In What Saint Paul Really Said, NT Wright does a great job supplying the meaning to a lot of Paul's language regarding justification, righteousness, justice, and other words in the dikai- word group...
"First, it is covenant language – not in the sense of that word made famous through some 16th and 17th century discussions, but in the 1st century Jewish sense. When Paul speaks of justification he is operating within the whole world of thought of second-temple Judaism, which clung to the covenantal promises in the face of increasingly difficult political circumstances.

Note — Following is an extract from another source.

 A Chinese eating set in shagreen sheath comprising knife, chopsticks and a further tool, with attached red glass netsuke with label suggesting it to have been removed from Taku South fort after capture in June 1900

Second, it is law-court language, functioning within the covenantal setting as a strong explanatory metaphor. Two thing must be said about this. First, this metaphor is necessary for understanding what the covenant was all about. The covenant was there to put the world to rights, to deal with evil and to restore God’s justice and order to the cosmos. Second, it is never independent of the covenant setting. It cannot be made in to an absolute and free-standing concept without doing violence both to itself and to the fundamental meaning of the covenant.

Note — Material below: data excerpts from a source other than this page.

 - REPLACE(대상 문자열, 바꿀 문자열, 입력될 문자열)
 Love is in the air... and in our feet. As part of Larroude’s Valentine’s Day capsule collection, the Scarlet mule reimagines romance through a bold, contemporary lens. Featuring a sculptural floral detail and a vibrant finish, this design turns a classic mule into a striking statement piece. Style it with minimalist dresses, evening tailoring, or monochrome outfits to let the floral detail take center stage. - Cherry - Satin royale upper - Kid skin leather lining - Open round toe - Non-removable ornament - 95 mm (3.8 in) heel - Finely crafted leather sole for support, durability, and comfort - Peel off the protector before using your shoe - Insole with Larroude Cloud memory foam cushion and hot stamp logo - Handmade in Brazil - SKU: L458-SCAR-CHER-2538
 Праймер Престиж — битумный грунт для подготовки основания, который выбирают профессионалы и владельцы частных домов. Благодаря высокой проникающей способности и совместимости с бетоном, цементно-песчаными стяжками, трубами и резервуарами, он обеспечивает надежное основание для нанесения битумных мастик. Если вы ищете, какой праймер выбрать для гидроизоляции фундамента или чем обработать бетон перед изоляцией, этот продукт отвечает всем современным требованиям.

Third, justification for Paul cannot be understood properly apart from eschatology. It cannot, that is, be made into an abstract or timeless system, a method of salvation to be randomly applied. It is part of the Pauline worldview in which the creator of the world has acted, uniquely, climactically, and decisively, in Jesus Christ, for the rescue of the entire cosmos, and is now, by his Spirit, bringing all things into subjection to this Jesus."